WHAT YOU HAVE TO DO: Where does the string "from" occur in the records? Copy each line that holds it.
══ EXERCISE DATA ══
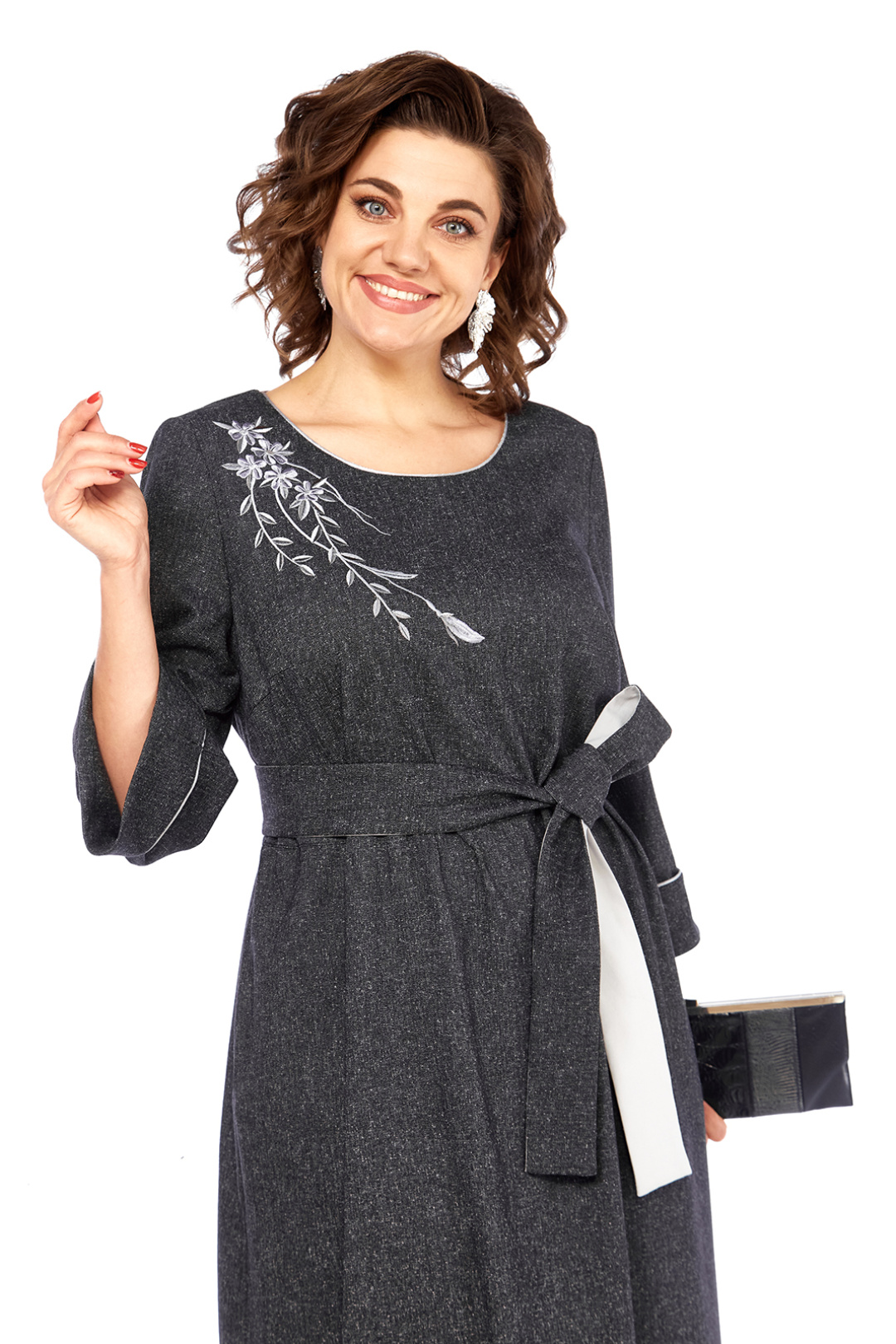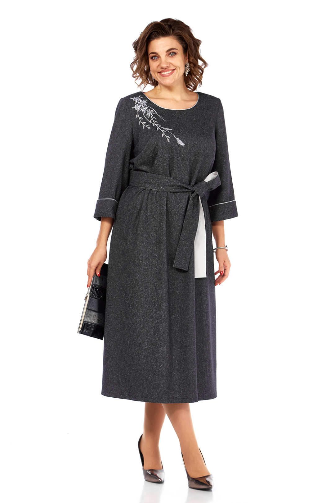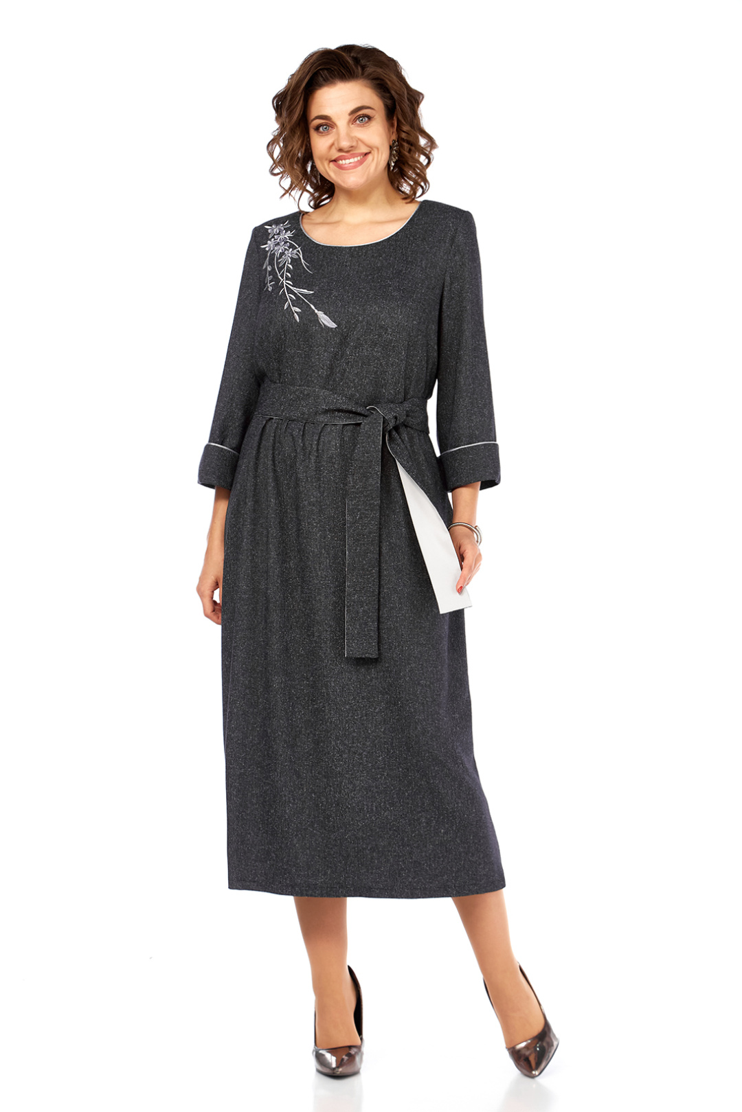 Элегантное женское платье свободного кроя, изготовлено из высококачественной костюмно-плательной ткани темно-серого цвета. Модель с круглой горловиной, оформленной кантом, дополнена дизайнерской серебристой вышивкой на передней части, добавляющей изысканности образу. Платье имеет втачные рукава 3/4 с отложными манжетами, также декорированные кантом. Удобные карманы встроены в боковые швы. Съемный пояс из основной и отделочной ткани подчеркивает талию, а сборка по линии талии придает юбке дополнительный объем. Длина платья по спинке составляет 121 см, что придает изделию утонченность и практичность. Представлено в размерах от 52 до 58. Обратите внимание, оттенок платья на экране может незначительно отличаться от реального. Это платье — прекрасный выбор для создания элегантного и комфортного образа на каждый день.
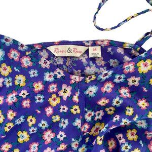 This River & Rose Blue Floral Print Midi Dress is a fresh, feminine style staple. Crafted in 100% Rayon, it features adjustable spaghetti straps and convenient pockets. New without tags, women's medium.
═══
══ EXERCISE DATA ══
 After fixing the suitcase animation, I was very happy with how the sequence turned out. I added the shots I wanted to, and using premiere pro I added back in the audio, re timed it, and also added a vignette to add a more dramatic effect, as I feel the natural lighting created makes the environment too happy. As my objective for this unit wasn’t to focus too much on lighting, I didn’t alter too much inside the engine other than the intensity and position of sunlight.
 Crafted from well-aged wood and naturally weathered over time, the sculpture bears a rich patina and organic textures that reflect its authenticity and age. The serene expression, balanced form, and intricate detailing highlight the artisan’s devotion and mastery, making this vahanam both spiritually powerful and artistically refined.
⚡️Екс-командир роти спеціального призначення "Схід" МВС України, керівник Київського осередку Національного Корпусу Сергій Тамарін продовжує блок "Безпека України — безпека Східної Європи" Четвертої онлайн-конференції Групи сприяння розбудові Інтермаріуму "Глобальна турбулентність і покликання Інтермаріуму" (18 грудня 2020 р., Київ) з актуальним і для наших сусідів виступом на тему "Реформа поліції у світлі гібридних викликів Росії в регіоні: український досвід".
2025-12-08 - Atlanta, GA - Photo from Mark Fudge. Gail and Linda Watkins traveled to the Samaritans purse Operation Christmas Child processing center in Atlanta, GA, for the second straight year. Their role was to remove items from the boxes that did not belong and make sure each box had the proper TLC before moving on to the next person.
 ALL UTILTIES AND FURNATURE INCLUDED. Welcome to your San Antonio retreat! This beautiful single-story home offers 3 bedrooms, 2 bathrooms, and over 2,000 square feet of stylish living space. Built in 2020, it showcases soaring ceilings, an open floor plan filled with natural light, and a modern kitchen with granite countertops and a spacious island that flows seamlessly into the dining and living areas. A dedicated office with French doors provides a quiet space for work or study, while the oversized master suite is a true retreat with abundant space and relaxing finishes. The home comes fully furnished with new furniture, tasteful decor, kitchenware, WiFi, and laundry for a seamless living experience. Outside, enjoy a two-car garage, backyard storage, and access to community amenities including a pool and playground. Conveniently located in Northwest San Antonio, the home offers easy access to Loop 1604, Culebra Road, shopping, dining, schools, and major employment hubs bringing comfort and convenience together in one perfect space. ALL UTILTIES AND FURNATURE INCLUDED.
═══
EXERCISE ANSWER:
 Crafted from well-aged wood and naturally weathered over time, the sculpture bears a rich patina and organic textures that reflect its authenticity and age. The serene expression, balanced form, and intricate detailing highlight the artisan’s devotion and mastery, making this vahanam both spiritually powerful and artistically refined.
2025-12-08 - Atlanta, GA - Photo from Mark Fudge. Gail and Linda Watkins traveled to the Samaritans purse Operation Christmas Child processing center in Atlanta, GA, for the second straight year. Their role was to remove items from the boxes that did not belong and make sure each box had the proper TLC before moving on to the next person.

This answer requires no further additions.